Work required -> Among the entries below, which lines run from the line with "These vintage 1960s" through the line with "在中央廣場文化長廊,18電子"? Retype those, both ends included, exactly and without pictures.

Available data ->
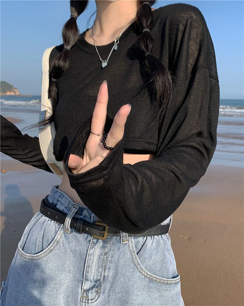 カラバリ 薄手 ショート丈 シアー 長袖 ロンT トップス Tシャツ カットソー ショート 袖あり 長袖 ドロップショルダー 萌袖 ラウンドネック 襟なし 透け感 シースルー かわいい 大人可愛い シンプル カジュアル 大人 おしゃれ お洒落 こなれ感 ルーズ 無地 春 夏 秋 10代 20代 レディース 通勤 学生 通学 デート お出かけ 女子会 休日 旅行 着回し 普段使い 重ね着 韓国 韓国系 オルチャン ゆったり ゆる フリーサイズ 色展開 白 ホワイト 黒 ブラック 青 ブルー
--
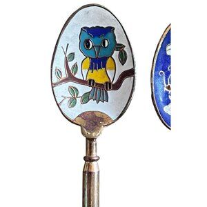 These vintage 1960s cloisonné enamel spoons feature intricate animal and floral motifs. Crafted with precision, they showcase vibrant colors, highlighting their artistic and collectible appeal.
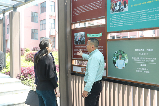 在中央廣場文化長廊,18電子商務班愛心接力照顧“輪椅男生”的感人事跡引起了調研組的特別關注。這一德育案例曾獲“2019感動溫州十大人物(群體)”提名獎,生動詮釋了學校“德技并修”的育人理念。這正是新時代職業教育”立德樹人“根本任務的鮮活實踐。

Answer ->
 These vintage 1960s cloisonné enamel spoons feature intricate animal and floral motifs. Crafted with precision, they showcase vibrant colors, highlighting their artistic and collectible appeal.
 在中央廣場文化長廊,18電子商務班愛心接力照顧“輪椅男生”的感人事跡引起了調研組的特別關注。這一德育案例曾獲“2019感動溫州十大人物(群體)”提名獎,生動詮釋了學校“德技并修”的育人理念。這正是新時代職業教育”立德樹人“根本任務的鮮活實踐。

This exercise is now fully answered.